──────── SOURCE DATA ────────
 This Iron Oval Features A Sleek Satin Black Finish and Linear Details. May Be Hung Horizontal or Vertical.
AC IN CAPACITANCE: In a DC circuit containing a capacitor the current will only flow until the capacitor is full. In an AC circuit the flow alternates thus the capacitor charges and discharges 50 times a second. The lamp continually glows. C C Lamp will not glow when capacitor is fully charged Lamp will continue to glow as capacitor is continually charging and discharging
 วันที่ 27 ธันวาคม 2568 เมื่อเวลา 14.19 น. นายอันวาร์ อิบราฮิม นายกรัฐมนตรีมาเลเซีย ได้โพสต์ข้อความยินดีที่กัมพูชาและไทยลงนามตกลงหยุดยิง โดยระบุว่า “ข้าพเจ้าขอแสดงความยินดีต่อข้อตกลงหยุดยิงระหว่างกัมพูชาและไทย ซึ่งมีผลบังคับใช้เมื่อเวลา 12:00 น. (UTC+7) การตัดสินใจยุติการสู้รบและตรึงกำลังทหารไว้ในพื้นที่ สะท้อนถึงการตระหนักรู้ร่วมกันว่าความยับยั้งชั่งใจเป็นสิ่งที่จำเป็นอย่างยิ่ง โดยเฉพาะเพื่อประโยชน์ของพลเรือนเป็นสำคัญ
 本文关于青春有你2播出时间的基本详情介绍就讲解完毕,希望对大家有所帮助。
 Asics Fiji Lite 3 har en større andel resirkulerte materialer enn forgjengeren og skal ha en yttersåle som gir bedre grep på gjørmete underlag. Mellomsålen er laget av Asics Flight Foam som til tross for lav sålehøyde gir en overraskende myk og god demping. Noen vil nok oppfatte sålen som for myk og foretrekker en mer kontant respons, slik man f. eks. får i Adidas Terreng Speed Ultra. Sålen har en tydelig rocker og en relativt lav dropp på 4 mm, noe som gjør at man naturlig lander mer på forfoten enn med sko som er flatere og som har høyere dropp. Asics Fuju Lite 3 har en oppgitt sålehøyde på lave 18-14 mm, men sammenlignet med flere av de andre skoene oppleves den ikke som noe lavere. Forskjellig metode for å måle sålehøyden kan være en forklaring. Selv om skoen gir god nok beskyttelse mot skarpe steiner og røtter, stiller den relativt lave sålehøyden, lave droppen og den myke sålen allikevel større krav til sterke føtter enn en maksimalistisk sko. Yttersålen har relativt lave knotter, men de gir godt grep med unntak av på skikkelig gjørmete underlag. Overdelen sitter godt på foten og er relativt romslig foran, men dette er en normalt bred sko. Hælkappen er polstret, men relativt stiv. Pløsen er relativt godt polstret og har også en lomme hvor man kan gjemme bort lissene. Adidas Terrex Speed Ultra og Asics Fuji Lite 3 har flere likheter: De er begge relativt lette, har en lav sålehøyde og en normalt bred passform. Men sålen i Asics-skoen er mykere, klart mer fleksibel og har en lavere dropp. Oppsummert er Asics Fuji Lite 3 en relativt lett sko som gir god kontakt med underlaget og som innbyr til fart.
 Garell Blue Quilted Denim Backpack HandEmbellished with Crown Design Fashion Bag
────────
WHAT YOU SHOULD DO: Your answer must consist of every line above, transcribed verbatim.

THE ANSWER:
 This Iron Oval Features A Sleek Satin Black Finish and Linear Details. May Be Hung Horizontal or Vertical.
AC IN CAPACITANCE: In a DC circuit containing a capacitor the current will only flow until the capacitor is full. In an AC circuit the flow alternates thus the capacitor charges and discharges 50 times a second. The lamp continually glows. C C Lamp will not glow when capacitor is fully charged Lamp will continue to glow as capacitor is continually charging and discharging
 วันที่ 27 ธันวาคม 2568 เมื่อเวลา 14.19 น. นายอันวาร์ อิบราฮิม นายกรัฐมนตรีมาเลเซีย ได้โพสต์ข้อความยินดีที่กัมพูชาและไทยลงนามตกลงหยุดยิง โดยระบุว่า “ข้าพเจ้าขอแสดงความยินดีต่อข้อตกลงหยุดยิงระหว่างกัมพูชาและไทย ซึ่งมีผลบังคับใช้เมื่อเวลา 12:00 น. (UTC+7) การตัดสินใจยุติการสู้รบและตรึงกำลังทหารไว้ในพื้นที่ สะท้อนถึงการตระหนักรู้ร่วมกันว่าความยับยั้งชั่งใจเป็นสิ่งที่จำเป็นอย่างยิ่ง โดยเฉพาะเพื่อประโยชน์ของพลเรือนเป็นสำคัญ
 本文关于青春有你2播出时间的基本详情介绍就讲解完毕,希望对大家有所帮助。
 Asics Fiji Lite 3 har en større andel resirkulerte materialer enn forgjengeren og skal ha en yttersåle som gir bedre grep på gjørmete underlag. Mellomsålen er laget av Asics Flight Foam som til tross for lav sålehøyde gir en overraskende myk og god demping. Noen vil nok oppfatte sålen som for myk og foretrekker en mer kontant respons, slik man f. eks. får i Adidas Terreng Speed Ultra. Sålen har en tydelig rocker og en relativt lav dropp på 4 mm, noe som gjør at man naturlig lander mer på forfoten enn med sko som er flatere og som har høyere dropp. Asics Fuju Lite 3 har en oppgitt sålehøyde på lave 18-14 mm, men sammenlignet med flere av de andre skoene oppleves den ikke som noe lavere. Forskjellig metode for å måle sålehøyden kan være en forklaring. Selv om skoen gir god nok beskyttelse mot skarpe steiner og røtter, stiller den relativt lave sålehøyden, lave droppen og den myke sålen allikevel større krav til sterke føtter enn en maksimalistisk sko. Yttersålen har relativt lave knotter, men de gir godt grep med unntak av på skikkelig gjørmete underlag. Overdelen sitter godt på foten og er relativt romslig foran, men dette er en normalt bred sko. Hælkappen er polstret, men relativt stiv. Pløsen er relativt godt polstret og har også en lomme hvor man kan gjemme bort lissene. Adidas Terrex Speed Ultra og Asics Fuji Lite 3 har flere likheter: De er begge relativt lette, har en lav sålehøyde og en normalt bred passform. Men sålen i Asics-skoen er mykere, klart mer fleksibel og har en lavere dropp. Oppsummert er Asics Fuji Lite 3 en relativt lett sko som gir god kontakt med underlaget og som innbyr til fart.
 Garell Blue Quilted Denim Backpack HandEmbellished with Crown Design Fashion Bag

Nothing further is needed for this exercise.